Phyllopsora glaucella

Scientific classification
- Kingdom: Fungi
- Division: Ascomycota
- Class: Lecanoromycetes
- Order: Lecanorales
- Family: Ramalinaceae
- Genus: Phyllopsora
- Species: P. glaucella
- Binomial name: Phyllopsora glaucella (Vain.) Timdal (2008)
- Synonyms: Lecidea breviuscula var. glaucella Vain. (1926); Phyllopsora corallina var. glaucella (Vain.) Brako (1989);

= Phyllopsora glaucella =

- Authority: (Vain.) Timdal (2008)
- Synonyms: Lecidea breviuscula var. glaucella , Phyllopsora corallina var. glaucella

Species of lichen

Phyllopsora glaucella is a species of squamulose (scaly) lichen in the family Ramalinaceae. The lichen forms mats of tiny green scales with small brown fruiting bodies and was first described from Mexican collections in 1926. It is distributed across tropical and subtropical America, ranging from Florida through the West Indies to Argentina.

==Taxonomy==

The lichen was first scientifically described by the Finnish lichenologist Edvard August Vainio in 1926, as a variety of the species Lecidea breviuscula. Lois Brako transferred the taxon to Phyllopsora in 1989 (still with varietal status). Einar Timdal promoted it to full species status in 2008. The holotype originates from Mirador, Veracruz, Mexico.

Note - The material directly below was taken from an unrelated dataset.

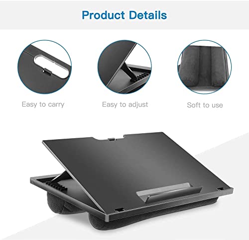 • 【Kompatybilny i komfortowy】 Dzięki rozmiarom 14,8" x 11,1" (37,6 x 28,2 cm) może bez problemu współpracować z różnymi laptopami i tabletami do 15,6 cala. Ergonomicznie zaprojektowane podwójne poduszki pod laptopy są bardzo wygodne. Dzięki swojej unikalnej konstrukcji, podwójna poduszka na spodzie notebooka zapobiega nagrzewaniu się kolan podczas korzystania z niego.

Timdal separated P. glaucella from the P. corallina complex on both chemistry and morphology: the type contains the lichen substances vicanicin and norvicanicin, and it differs in squamule size, thickness, isidia form and attachment, and ascospore size. He found no trace of argopsin in the holotype and noted that a Peruvian specimen previously labeled as P. corallina var. ochroxantha (chemical strain III) in fact contains vicanicin and norvicanicin and belongs to P. glaucella.

==Description==

The thallus (lichen body) of P. glaucella forms an effuse mat of tiny green squamules (minute, leaf-like scales) up to about 0.5 mm wide. Squamules begin scattered and later become contiguous or overlapping; they are rounded to somewhat elongated, shallowly notched to incised, flat to slightly convex, and edged by a faintly hairy margin. A (a peripheral rim of fungal tissue) is well developed and reddish brown. Isidia (minute outgrowths that break off to spread the lichen vegetatively) are scattered to common, arise along squamule margins, and are typically long and simple. The outer "skin" (upper cortex) is relatively thick (about 25–30 μm) and lacks crystals. The internal tissue of the lichen, the medulla, contains crystals that dissolve in potassium hydroxide solution and give negative standard spot test reactions (PD−, K−).

Fruiting bodies (apothecia) are common, small (to about 1 mm), and medium brown. They range from round and flat when young to irregular and strongly convex later; the margin is the same color or slightly paler and often finely hairy. Internal tissues are pale and lack crystals. Spores are narrowly ellipsoid, non-septate, and about 6.5–9 × about 2.5 μm. No pycnidia (asexual fruiting structures) were observed in this species. The main substances are vicanicin and norvicanicin.

==Habitat and distribution==

Phyllopsora glaucella is known from Florida (USA), Mexico, the West Indies, and South America south to Argentina; Timdal reported it as new to Peru. A Peruvian collection comes from Department of San Martín (Cerro Blanco) at roughly 1,200 m elevation.